AEC and AGC stages are skipped when the backend declares NATIVE_AEC / NATIVE_AGC capabilities.

on_speech_end

on_speech_end(callback)

Register callback for when VAD detects speech end.

on_speech_frame

on_speech_frame(callback)

Register callback for processed audio frames during speech.

on_processed_frame

on_processed_frame(callback)

Register callback for every processed inbound frame.

Fires after all pipeline stages (AEC, denoiser, VAD, etc.) for every frame, regardless of speech state. Used by continuous STT streaming when no local VAD is configured.

on_vad_event

on_vad_event(callback)

Register callback for all VAD events.

on_speaker_change

on_speaker_change(callback)

Register callback for speaker change detection.

on_dtmf

on_dtmf(callback)

Register callback for DTMF tone detection.

on_recording_started

on_recording_started(callback)

Register callback for recording start.

on_recording_stopped

on_recording_stopped(callback)

Register callback for recording stop.

set_parent_span

set_parent_span(session_id, span_id)

Set the parent span (VOICE_SESSION) for pipeline spans.

process_frame

process_frame(session, frame)

Process a single inbound audio frame through the pipeline.

Backwards-compatible alias for process_inbound().

process_inbound

process_inbound(session, frame)

Process a single inbound audio frame through the pipeline.

[Resampler] -> [Recorder tap] -> [DTMF] -> [AEC] -> [AGC] ->

[Denoiser] -> [VAD] -> [Diarization]

process_outbound

process_outbound(session, frame)

Process a single outbound audio frame through the pipeline.

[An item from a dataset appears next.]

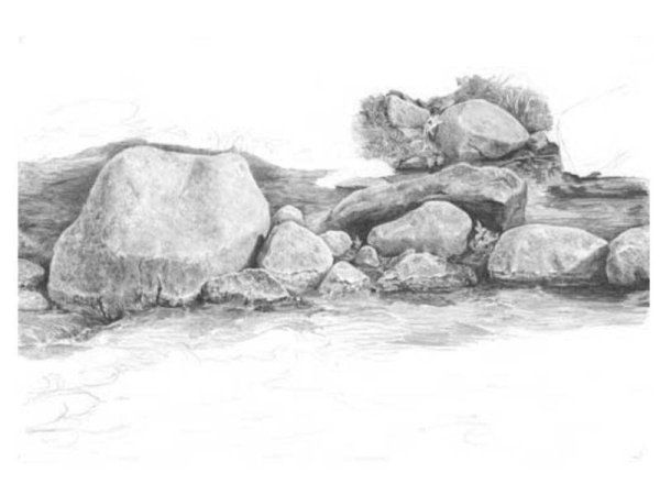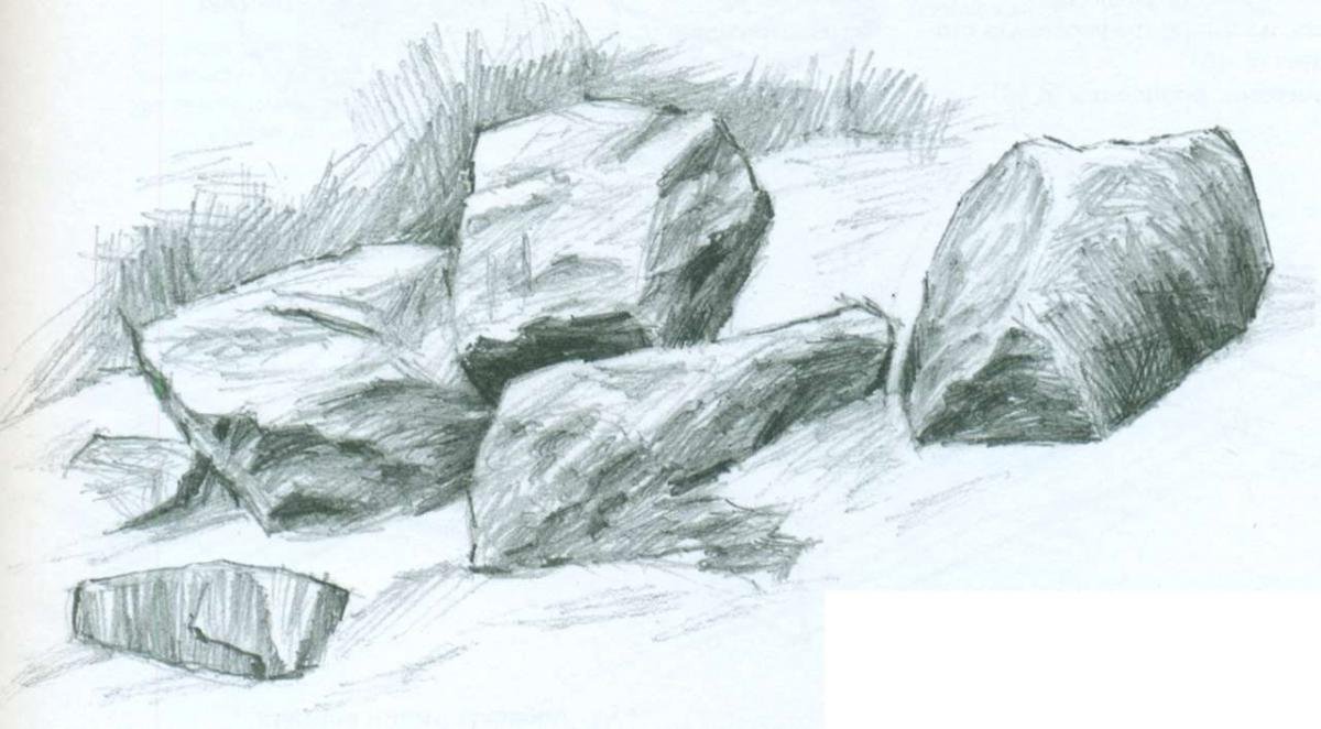 ![Зарисовки камней карандашом]()

[PostProcessors] -> [Recorder tap] -> AEC.feed_reference ->

[Resampler]

enable_playback_aec_feed

enable_playback_aec_feed()

Mark that AEC reference is fed at playback time.

When called, process_outbound() skips its own aec.feed_reference() to avoid double-feeding with misaligned timing.

feed_aec_reference

feed_aec_reference(frame)

Feed an AEC reference frame directly (from speaker output).

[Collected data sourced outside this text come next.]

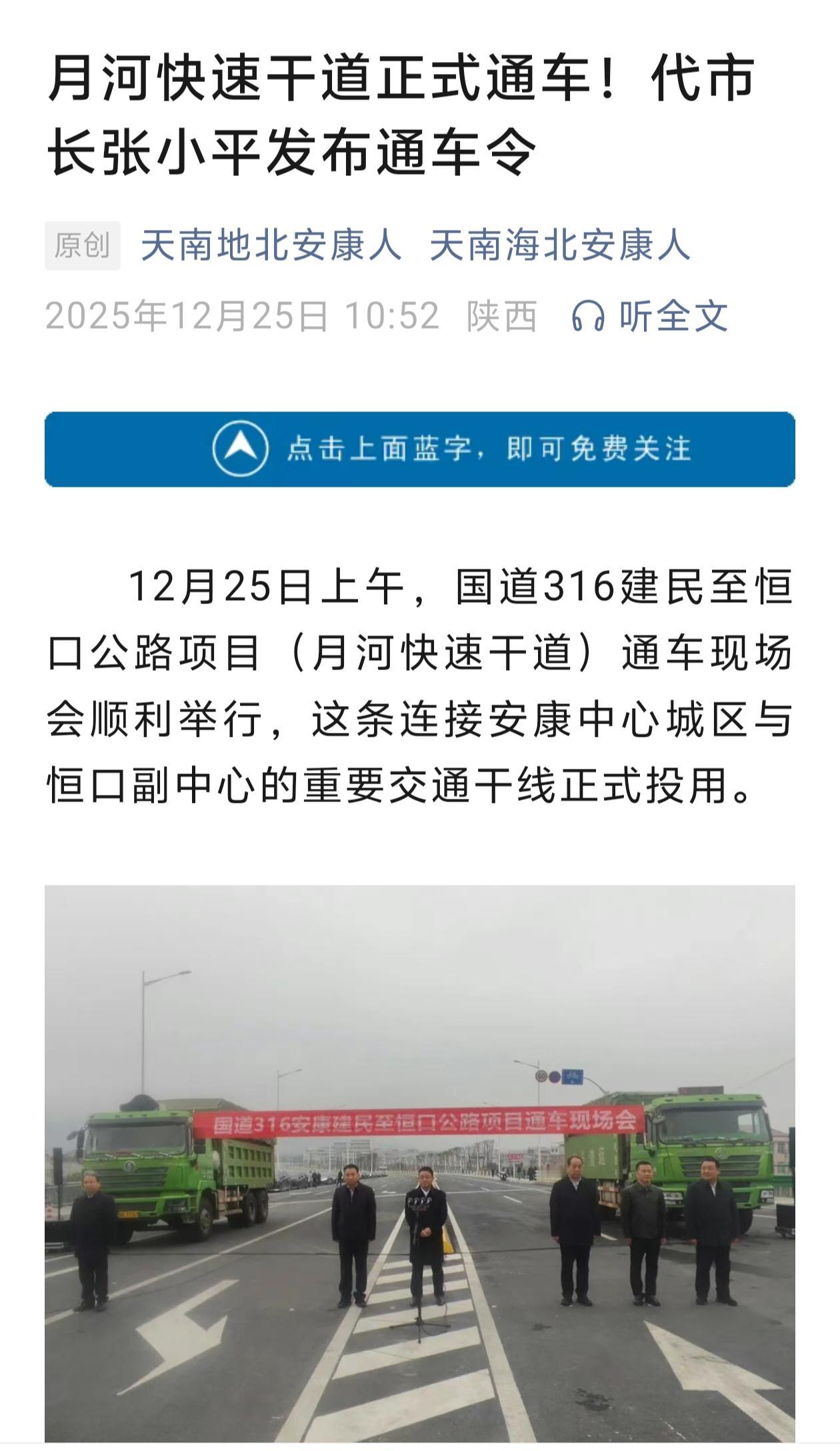 月河快速干道即316国道过境线正式通车,全长24公里,双向四车道带辅道,几乎是高速路标准,从安康高速客运站高速引线上新国道,20分钟可到达恒口镇,沿线居民可以摆脱堵车烦恼了,老316国道压力减轻了,这个春节一定更畅通。
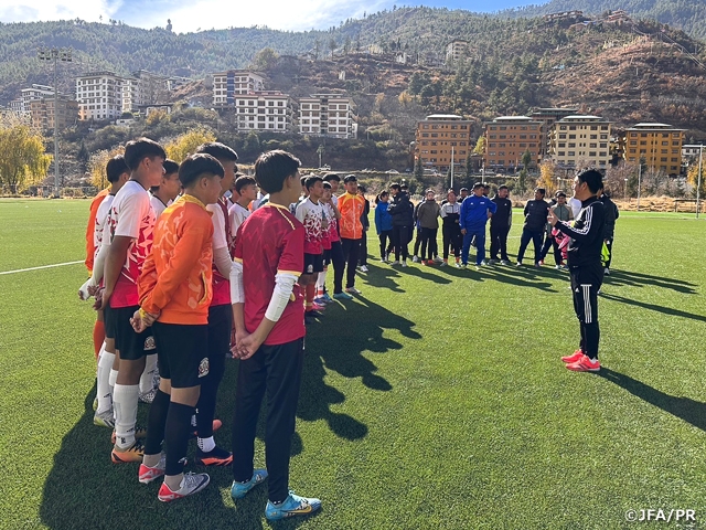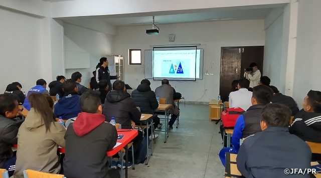 ブータンサッカー連盟の協力で2日間のコーチングセミナーを行いました。1日目は「世界のフットボールのトレンド」、2日目は「ユース育成」をテーマにグループワークやディスカッションを入れながら参加型で行いました。また、ピッチではブータンアカデミーの選手に参加してもらい「ボールを奪う」をテーマにコーチングデモンストレーションを行い、参加者に発問しながら意図を説明しました。ブータンサッカーが成長するためにどうしたら良いかを参加者と一緒になって講習会を進めることができました。これもブータンの指導者の皆さんが、積極的に講習会に取り組んでくれたおかげでした。今後も、ブータンサッカー連盟とJFAとの良好な関係をさらに発展させて、アジア全体のレベルアップにもつながることを願っています。最後にこのような機会を与えてくださったJSC(スポーツ振興くじ)そして、温かく迎えてくれたブータンサッカー協会の皆様に感謝いたします。
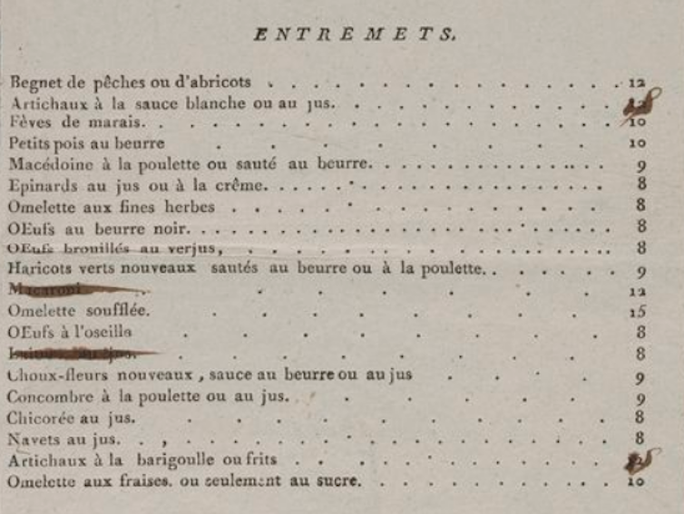 La grande nouveauté des restaurants d’alors est le menu. Les restaurants proposent très souvent un choix incalculable de plats. Le menu a donc été inventé car « il ne propose qu’un « menu » aperçu de la prodigalité de l’établissement » comme l’écrit l’historienne Rebecca Spang.
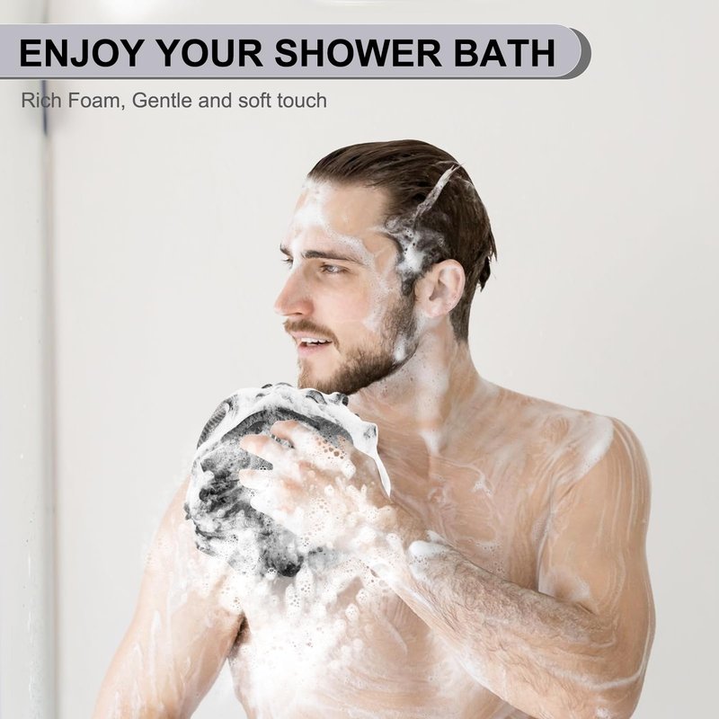 Loofah Sponge Bath Sponge Soft Mesh Shower Puff Loofah for Men, Exfoliating Body Scrubber for Women, Shower Accessories

Called by the backend's speaker callback at playback time so the AEC has time-aligned reference for echo cancellation.

Thread-safety: may be called from the audio I/O thread. Uses a separate resampler instance from process_outbound to avoid thread-safety issues.

on_session_active

on_session_active(session)

Called when a voice session becomes active.

Cleans up stale state for this session and starts recording if configured.

on_session_ended

on_session_ended(session)

Called when a voice session ends.

Stops recording and debug taps if active.

reset

reset()

Reset all pipeline stage state.

close

close()

Release all pipeline resources.

AudioPipelineConfig dataclass

AudioPipelineConfig(vad=None, denoiser=None, diarization=None, postprocessors=list(), vad_config=None, aec=None, agc=None, agc_config=None, dtmf=None, turn_detector=None, backchannel_detector=None, recorder=None, recording_config=None, interruption=None, resampler=None, contract=None, debug_taps=None, telemetry=None)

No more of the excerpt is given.